Delaware Community Reinvestment Action Council, Inc.
At DCRAC Law, our practice is centered on maintaining and securing wealth. We primarily assist individuals and families with estate planning and tax controversies. In doing so, we often find ourselves picking up the pieces after a family member passes away. When it comes to estate planning, the saying “an ounce of prevention is worth a pound of cure” is a reminder to plan well for the inevitable.

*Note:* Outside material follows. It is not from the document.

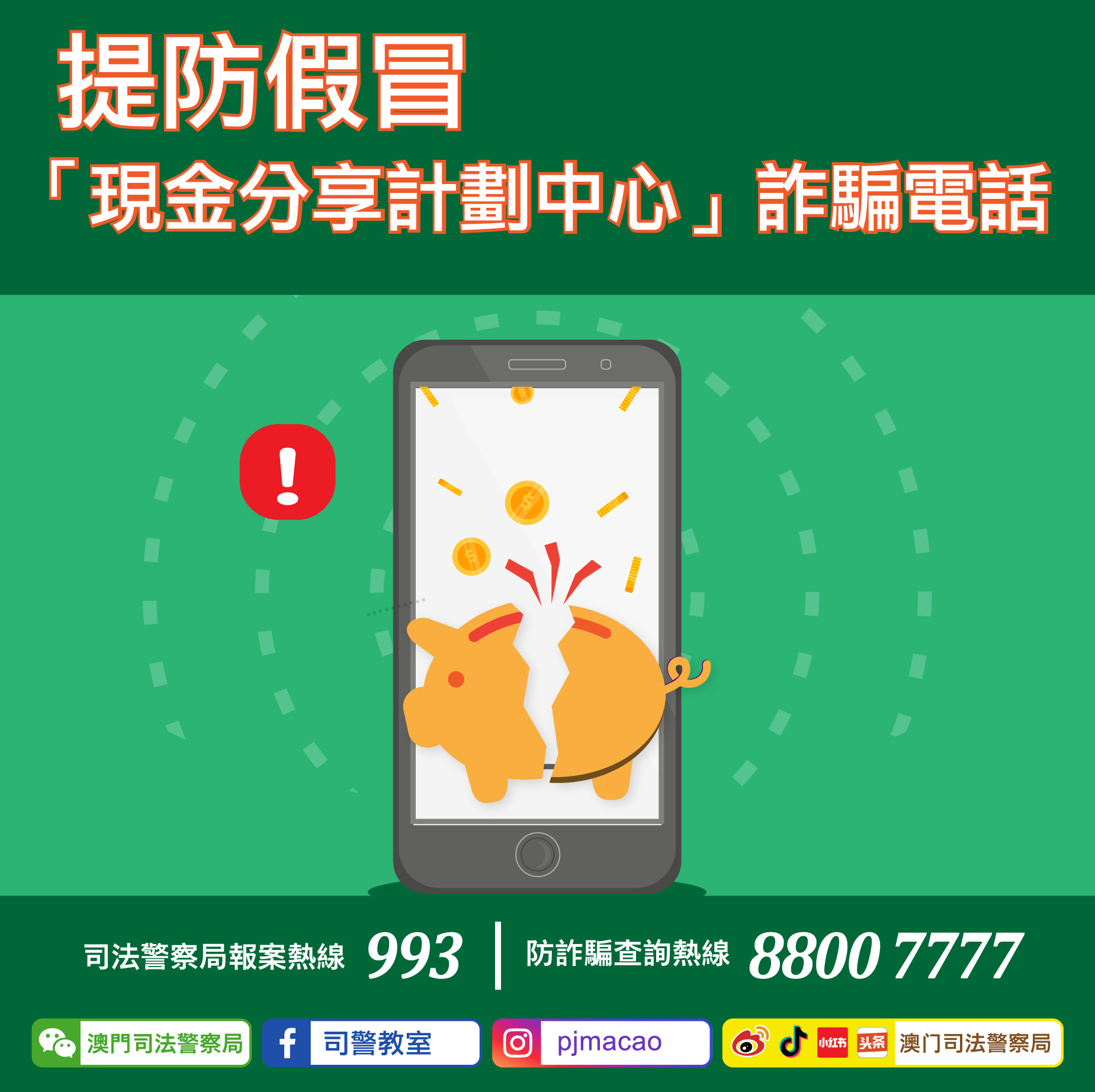 司警局反詐騙協調中心提醒廣大市民,不明來電應果斷拒絕並立即掛線,切勿輕信任何自稱官方機構的來電,若有懷疑,應循官方途徑查詢核實。如接獲任何懷疑詐騙電話,可使用司警局“反詐程式”查詢風險指數或上報資料,又或致電司警局防詐騙查詢熱線88007777及報案熱線993求助。

1. Don’t assume—seek expert advice
It’s important to do your research before making a big decision, but when it comes to estate planning, there is no replacement for talking to a real person. An attorney can discuss and explain the process and practicalities with you, as well as make recommendations for your specific circumstances. I’ve heard “I’m married so my spouse gets everything” or “I don’t have millions of dollars so I don’t need to plan” from more clients than I can count—but these statements aren’t true! Surprised? Estate planning is an essential process to protect everything you’ve earned and built in your life, and it’s worth the investment to get the best advice for your unique circumstances. There are countless “one size fits all” documents you can download and fill-in-the-blank forms to work from, but the truth is that each person’s situation is different—and a good professional can make sure your needs are taken care of.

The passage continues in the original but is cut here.